MNIST | MiniPlaces | :—————————————: | | Super-Resolution output on the MNIST dataset. (hr_image -> reference, lr_image -> downsampled image, sr_image -> bicubic interpolation, step = 0 -> model output) |

Compared to the interpolated high resolution image, the model output indeed has more details and have more defined edges.

As noted previously, the SR3 paper doesn’t explicitly specify the location of which the time embedding is inserted into the BigGAN residual block and the original implementation has no notion of time. Yet, as a essential part of diffusion model, time embedding is a necesity for good model performance. Thus I experimented with the time embedding injection locations (1. before first conv layer 2. between first and second conv layer 3. after the conv layers) within the residual block and observed that time embedding inserted before the first convolution layer seems to work the best (details can be found in jupyter notebook).

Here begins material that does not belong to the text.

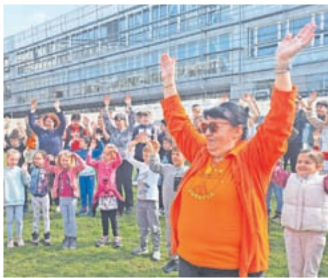
Dan zdravja na Osnovni šoli Frana Albrehta

nekatero že odhitele na šolski vrt matične šole, kjer so se skupnega gibanja veselili učenci 1., 2., 3., 7. in 8. razreda, nekateri zaposleni in članice društva Perovček. Združeni v krogu različnih generacij, obsijani s soncem in z dobro voljo v srcih smo sledili gimnastičnim vajam od glave do pete, ki jih je vodila Martina. Hitro nam je bilo jasno, da vaja dela mojstra, če mojster dela vajo, da smo lahko zdravi in poskočni, če poskrbimo tudi za gibanje. Med izvajanjem vaj smo bili zelo pozorni tudi na dihanje. Druženje smo zaključili s pozdravom soncu. Člani Društva Šola zdravja so nam za konec zapeli svojo himno. V naših srcih se je prebudila hvaležnost, da so z nami delili gibalne minute in veselje

Thus in my final model implementation I choose to do the element-wise sum of the time embedding before the first convolution layer for both upsampling and downsampling blocks. | unet | | :—————————————————————————————————————————————————————: | | Super-Resolution output on the MNIST dataset. (hr_image -> reference, lr_image -> downsampled image, sr_image -> bicubic interpolation, step = 0 -> model output) |

unet
Super-Resolution output on the MiniPlaces dataset. (hr_image -> reference, lr_image -> downsampled image, sr_image -> bicubic interpolation, step = 0 -> model output)

The above figure is the testing result of super-resolution model using SR3 U-net architecture after 5 epochs of training. The left most column is the reference images (original high resolution image); the second column is the interpolated image from low resolution; the third column is the low resolution image; the fourth column is the reconstructed high resolution image by the model. The result from the MNIST super resolution experiment shows promising results. As we can observe, the model is able to reconstruct a high resolution quality image from the downsampled low resolution image. On the other hand, the model doesn’t perform as well on the MiniPlaces dataset after 5 epochs. Although comparing to the interpolated image, the output images still captures more details and have sharper edges, the output images is still somewhat noisy.

NOTE: the authors of SR3 mentions the limitations of current super resolution criterions and uses human evaluation instead, so I will just present the results without analyzing it quantitatively.

Conclusion

In conclusion, this comprehensive exploration into the realm of super-resolution, particularly through the lens of diffusion models, represents a significant leap in our ability to enhance image quality. By delving into the historical context and evolution of super-resolution methods, from classical techniques to advanced diffusion methods like SR3, this post underscores the remarkable progress in image processing. The practical implementation using a PyTorch-based U-net architecture, adapted from BigGAN and tailored for SR3, illustrates the practical applicability of these concepts. The experiments with datasets like MNIST and MiniPlaces demonstrate the ability of these methods in producing high-resolution images with more defined edges and details compared to traditional interpolation techniques. Although quantitative analysis is not the focus here, the visual results speak volumes about the potential of diffusion models in super-resolution tasks. This exploration not only provides a deep understanding of the current state-of-the-art techniques in image super-resolution but also sets the stage for future advancements in this exciting field.

Papers mentioned

[1] Brock, Andrew. et al. “Large Scale GAN Training for High Fidelity Natural Image Synthesis.” arXiv:1809.11096 (2018).

[2] Dong, Chao. et al. “Image Super-Resolution Using Deep Convolutional Networks.” arXiv:1501.00092 (2015).

[3] Ho, Jonathan. et al. “Denoising Diffusion Probabilistic Models.” arXiv:2006.11239 (2020).

[4] Ledig, Christian. et al. “Photo-Realistic Single Image Super-Resolution Using a Generative Adversarial Network.” arXiv:1609.04802 (2016).

[5] Moser, Brian B. et al. “Diffusion Models, Image Super-Resolution And Everything: A Survey.” arXiv:2401.00736 (2024).

[6] Saharia, Chitwan. et al. “Image Super-Resolution via Iterative Refinement.” arXiv preprint arXiv:2104.07636 (2021).